Terres agricoles: un phénomène relié au rendement financier

Terres agricoles: un phénomène relié au rendement financier

VENTE DE TERRES AGRICOLES.La rareté de la disponibilité de terres agricoles ralentit le phénomène de l’accaparement que l’on a connu ces dernières années au Saguenay—Lac-Saint-Jean.
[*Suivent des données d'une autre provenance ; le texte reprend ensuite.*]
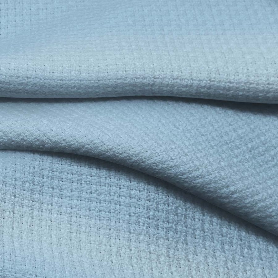 El Tweed Chanel es una tela de poliéster de 420 gr/m2, con un ancho de 150 cm, que destaca por su textura rígida. El color liso impreso es Azul Angel, con una combinación de tintas CYMK de 43/13/7/0. Este color representa la tranquilidad del cielo y el mar, aportando armonía a cualquier diseño. Combina muy bien con tonalidades tierra y blancos. El tejido está impreso con el color liso a una sola cara mediante impresión digital textil.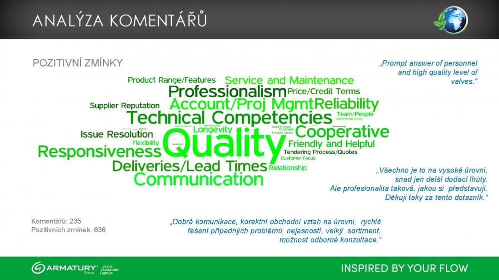 V odpovědi na druhou otázku mohli klienti vyjádřit své pocity a zkušenosti s ARMATURY Group. Celkem jsme obdrželi 235 komentářů, v nichž zaznělo 636 pozitivních zmínek o společnosti ARMATURY Group a 89 negativních postřehů. Podíváme-li se na tyto komentáře blíže, zjistíme, že nejčastěji byla pozitivně vnímána kvalita výrobků, komunikace a technické kompetence. Za všechny uvádíme tento komentář: „Dobrá komunikace, korektní obchodní vztah na úrovni, rychlé řešení případných problémů a nejasností, široký sortiment, možnost odborné konzultace.“ Tyto oblasti můžeme zařadit mezi silné stránky společnosti. Stále však existují oblasti, ve kterých se musíme zlepšovat.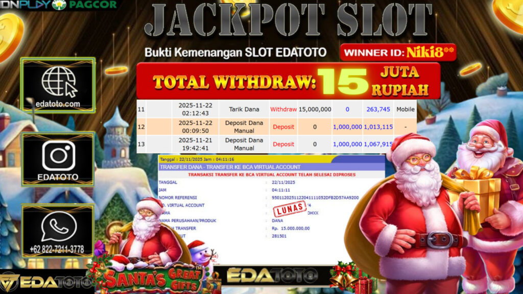Selamat kepada member setia EDATOTO telah mendapatkan JP Bermain Di : SANTA’S GREAT GIFTS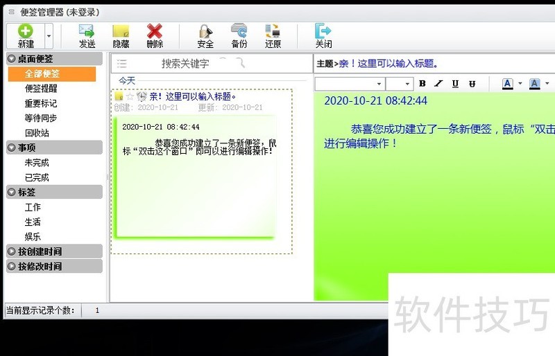 5、 工具栏的第二项是便签管理器,可以对便签的各项功能进行设置。便签的式样,或者颜色都可以随意进行设定,非常人性化。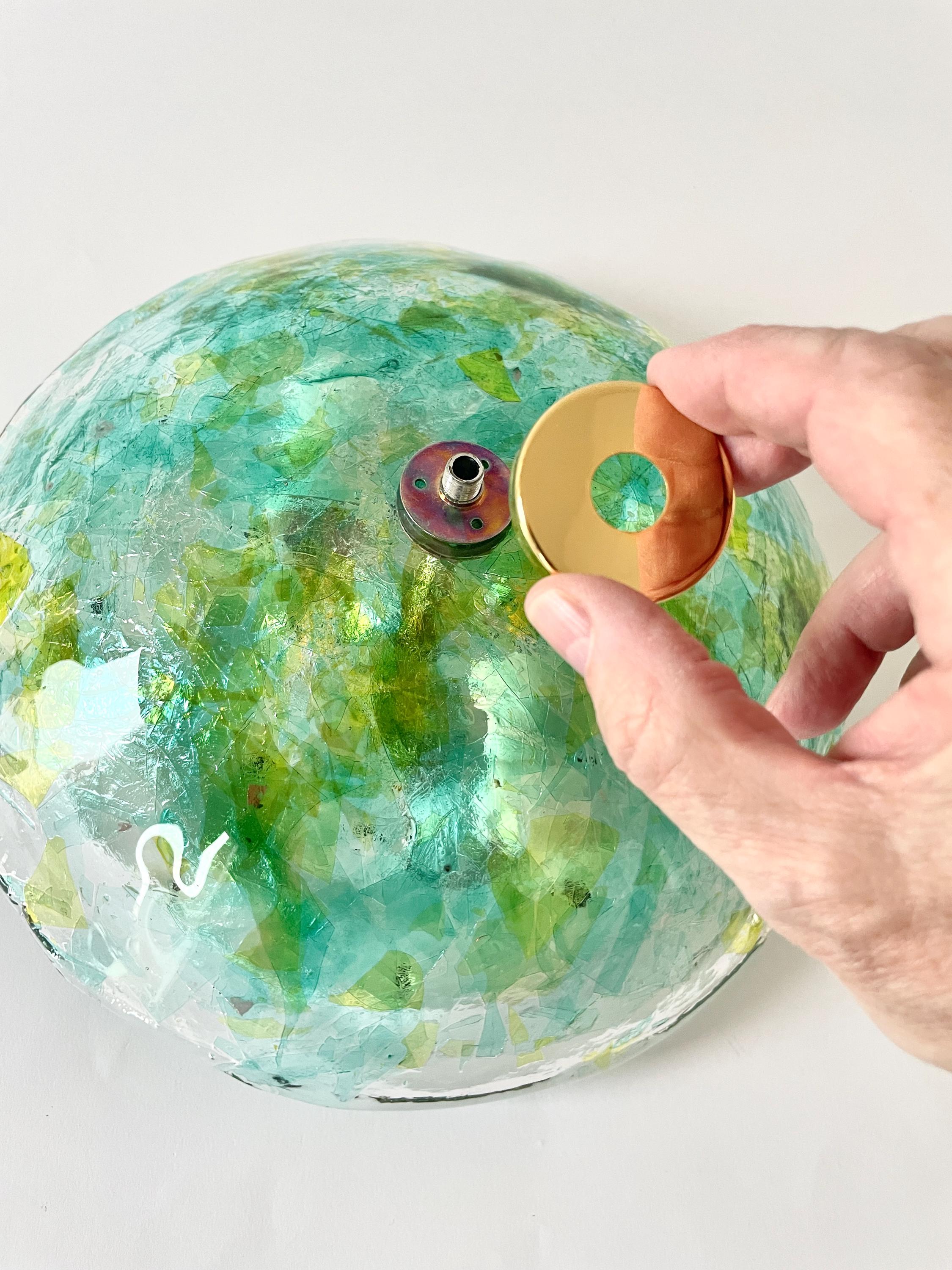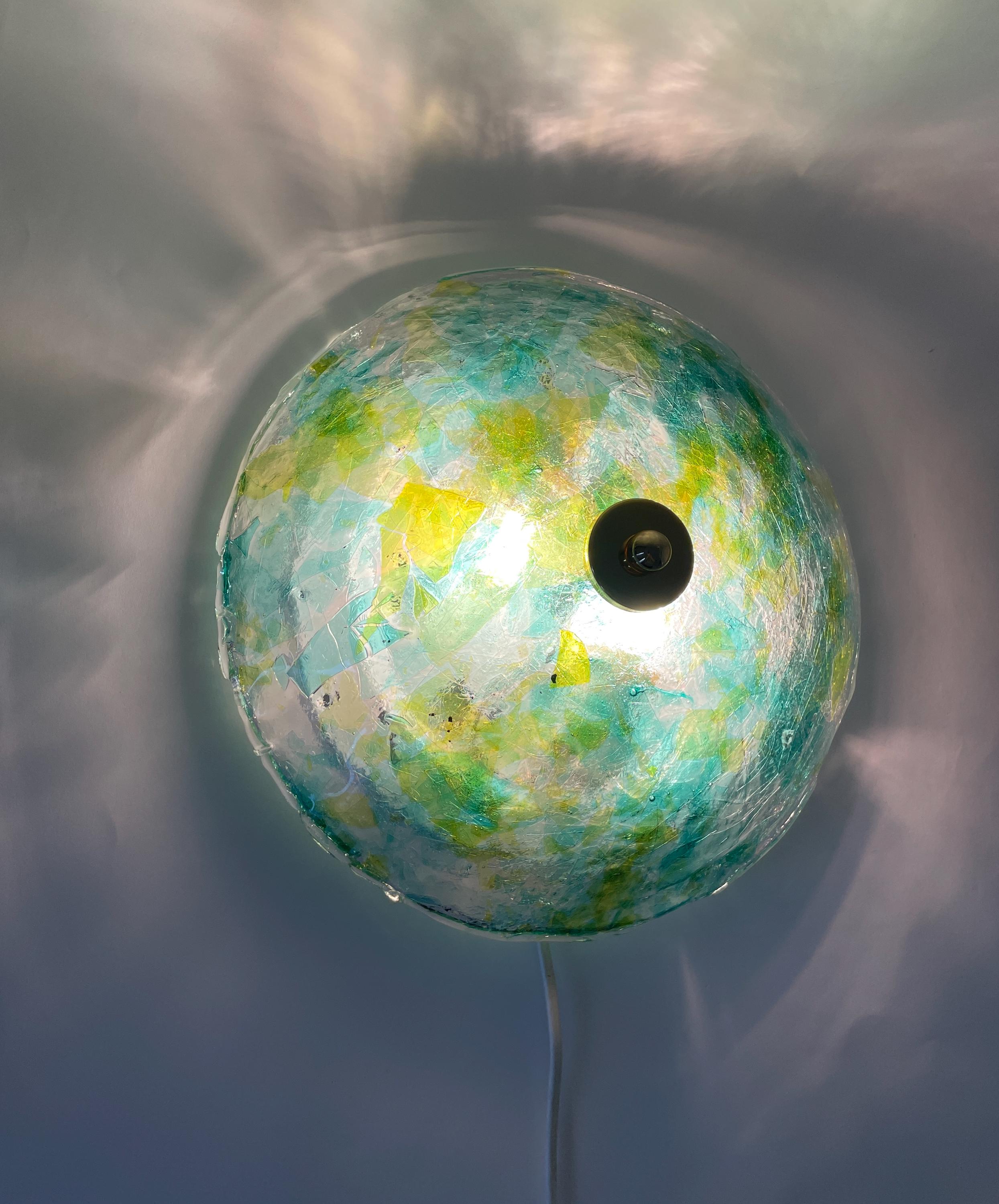 Beautifully crafted glass, all lamps are original and vintage, but new as they have never been used, system compatible with Europe and the USA, designed for 2 E27/E26 bulbs, not included.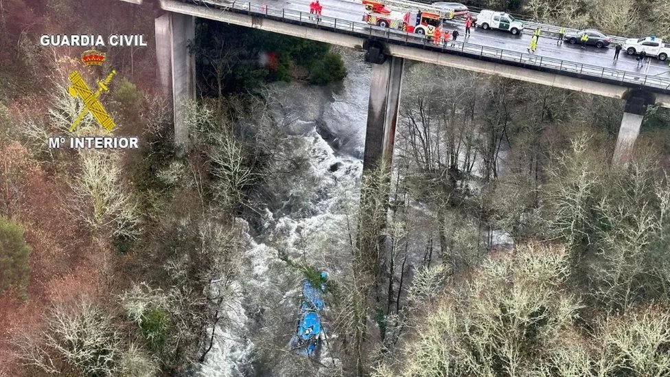 Dy persona, duke përfshirë shoferin, u lënduan pasi autobusi që udhëtonte nga Lugo në Vigo ra nga një lartësi prej rreth 30 metrash në lumë. Zyrtarët thonë se moti i keq mund të ketë shkaktuar aksidentin.

Cependant, le phénomène est toujours présent car les terres agricoles représentent un investissement présentant un fort rendement.
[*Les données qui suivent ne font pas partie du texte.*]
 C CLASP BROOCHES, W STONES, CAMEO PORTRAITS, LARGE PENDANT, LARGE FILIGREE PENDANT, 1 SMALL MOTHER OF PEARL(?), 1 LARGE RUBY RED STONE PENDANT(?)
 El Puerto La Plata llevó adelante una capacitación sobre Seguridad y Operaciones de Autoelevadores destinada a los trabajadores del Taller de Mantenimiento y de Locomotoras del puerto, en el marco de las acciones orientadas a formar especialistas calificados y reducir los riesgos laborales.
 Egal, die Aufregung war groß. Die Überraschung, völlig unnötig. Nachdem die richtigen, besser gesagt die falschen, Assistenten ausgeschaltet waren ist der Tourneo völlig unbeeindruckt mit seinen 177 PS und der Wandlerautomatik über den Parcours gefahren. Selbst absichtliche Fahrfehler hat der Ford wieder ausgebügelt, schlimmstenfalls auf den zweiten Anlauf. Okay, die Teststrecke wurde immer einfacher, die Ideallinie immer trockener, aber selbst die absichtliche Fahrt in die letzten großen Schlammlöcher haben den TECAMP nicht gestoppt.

« Acquisition des terres agricoles: faits, enjeux et réflexions », tel était le sujet d’une conférence courue par plus de 165 personnes vendredi dernier.

Catherine Brodeur, M. Sc., directrice du développement, études économiques, Groupe AGÉCO, était en effet conférencière devant les membres de la Chambre de commerce et d’industrie de Lac-St-Jean-Est qui a ainsi obtenu sa meilleure audience de l’année avec cette présentation sur l’acquisition de terres agricoles par des intérêts étrangers, un sujet qui a fait couler beaucoup d’encre au Québec en début d’année 2010 et encore plus dans la région avec l’arrivée du phénomène Pangéa qui a notamment repris les terres qui avaient été acquises auparavant par la Banque Nationale qui s’est retirée du dossier en raison de la controverse soulevée.

« À l’hiver 2012, retentissant retour médiatique sur le sujet, mais sous un angle différent: des investisseurs privés et institutionnels, cette fois québécois, affichent leur appétit pour le foncier agricole », a rappelé Catherine Brodeur.

Notamment, elle a fait un long historique du phénomène international qui a commencé à s’accentuer au début des années 80 dans le monde.

Le contexte alimentaire mondial et la flambée des prix des aliments de base a incité les investisseurs à se procurer des surfaces agricoles et le prix de ces terres a connu un boum majeur.

Ramenant le dossier à l’échelle du Québec, Catherine Brodeur estime que nous sommes mieux outillés, notamment avec la CPTAQ et les lois qui restreignent la propriété de terres agricoles par des non-résidents.

Notamment, dans la province, 81 % des agriculteurs sont propriétaires-exploitants contre 60 % pour le Canada ce qui place le Québec en 2e position dans le monde à ce chapitre, après l’Irlande.

« Le placement qui a le mieux performé des 10 dernières années, ce sont les terres agricoles », soutient Catherine Brodeur, ce qui explique notamment la présence de certains fonds de placement qui veulent ainsi faire fructifier leur argent.

Valeur

Au Saguenay—Lac-Saint-Jean, le prix des terres agricoles varie de quelque 2500 $/hectare pour une terre en friche à 3500 $ à 4000 $ l’hectare pour une terre en culture.

Cependant, la disponibilité de telles terres est de plus en plus rare.

Cependant, les actuels propriétaires ont le choix entre vendre leur terre à la relève agricole qui n’est pas toujours évidente ou à ces géants qui pointent à l’horizon et qui veulent utiliser ces terres à des fins de grande culture comme le canola, le soya, le blé humain et le maïs.

C’est tout le modèle de production agricole qui risque de changer avec le temps.